# Stored data

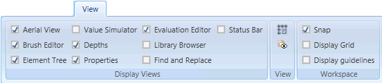 Element Tree | Show or remove the Element Tree view from the workspace. |
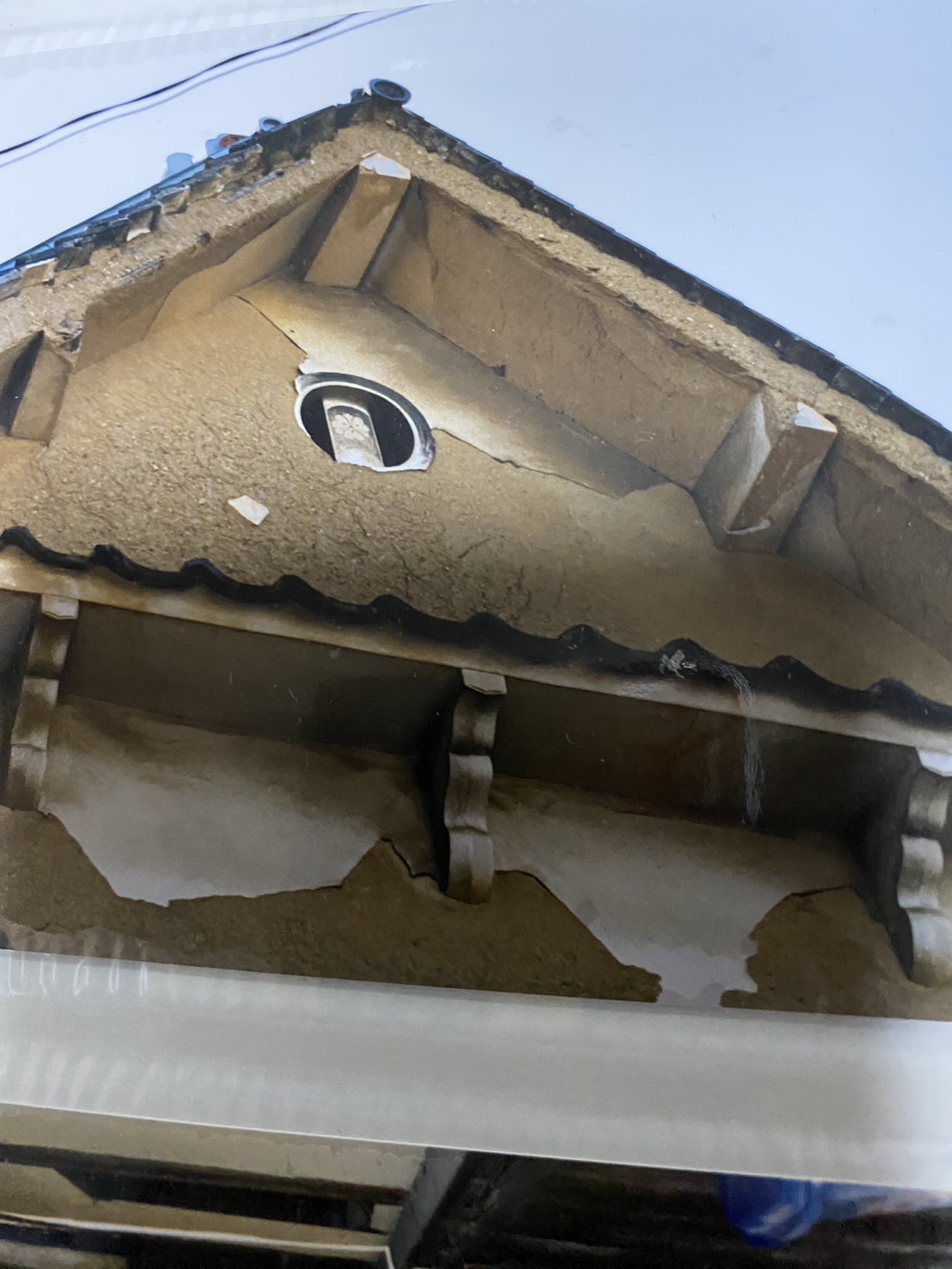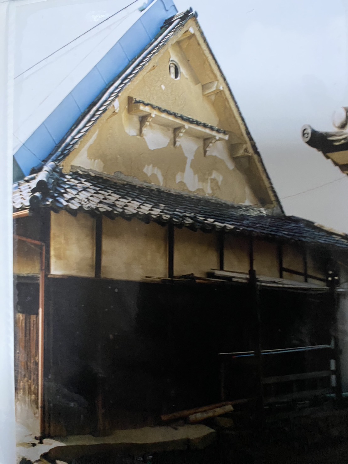台風のあと、落屋根にあった煙出しが壊滅的な打撃をうけ、同時に屋根が一部破損。
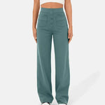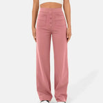 Consigue un look elegante y refinado con estos pantalones anchos de tiro alto para mujer , con elegantes botones y un corte holgado. Su tejido suave y fluido garantiza comodidad durante todo el día, mientras que la cintura alta crea una silueta favorecedora. Perfectos para el trabajo, salidas informales o looks de noche sofisticados.
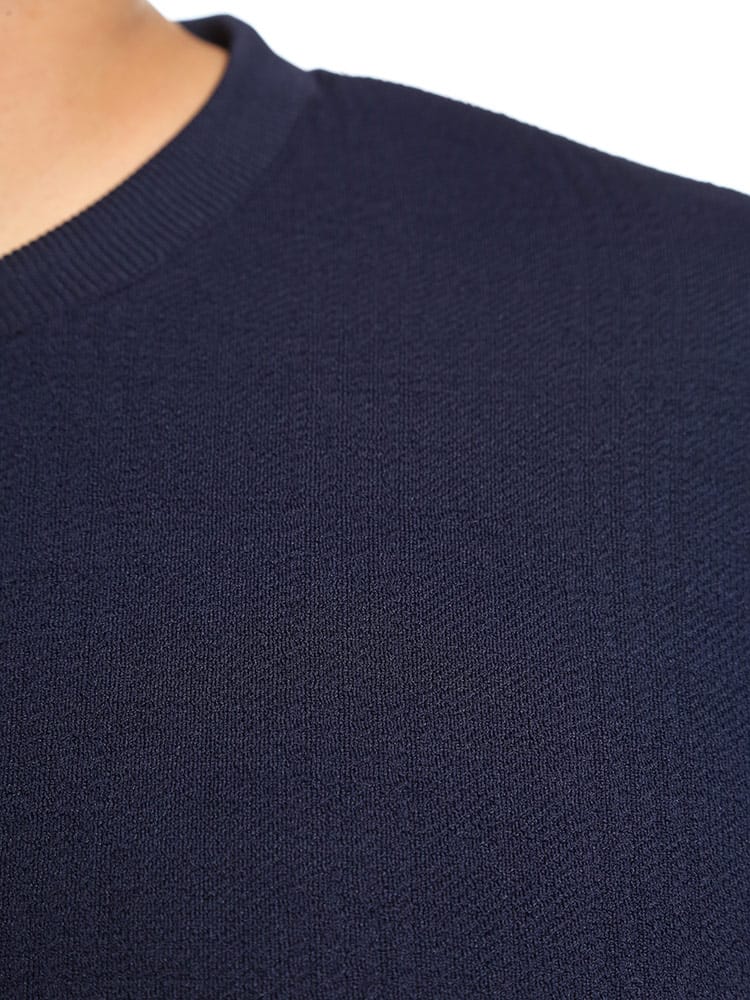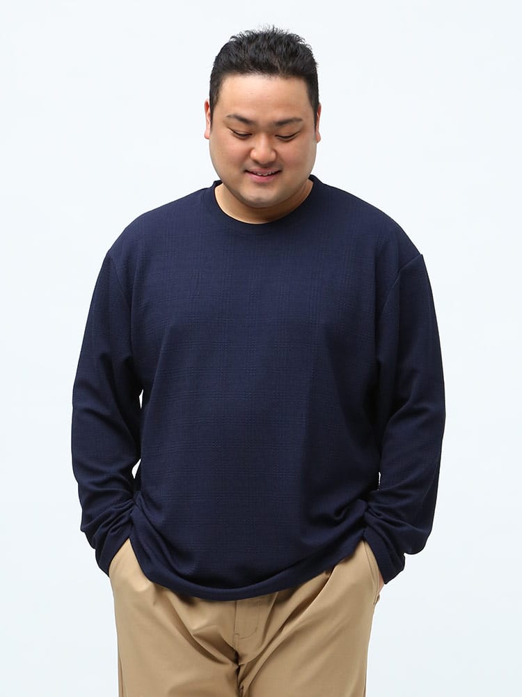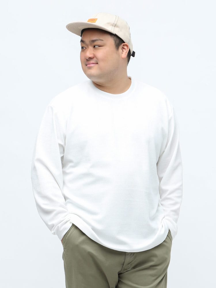 ジャガード織のチェック柄が雰囲気のあるクルーネック 長袖 Tシャツです。ベーシックなカラーで着回し抜群のアイテム。首元はシンプルなクルーネックデザイン。カジュアルながらも品のあるデザインで大人のカジュアルスタイルにおすすめです。

# Task instructions
Nothing but the lines from the line containing "Consigue un look" through the last line of the material may be output, and they must be copied exactly, without pictures.

# Result below
 Consigue un look elegante y refinado con estos pantalones anchos de tiro alto para mujer , con elegantes botones y un corte holgado. Su tejido suave y fluido garantiza comodidad durante todo el día, mientras que la cintura alta crea una silueta favorecedora. Perfectos para el trabajo, salidas informales o looks de noche sofisticados.
 ジャガード織のチェック柄が雰囲気のあるクルーネック 長袖 Tシャツです。ベーシックなカラーで着回し抜群のアイテム。首元はシンプルなクルーネックデザイン。カジュアルながらも品のあるデザインで大人のカジュアルスタイルにおすすめです。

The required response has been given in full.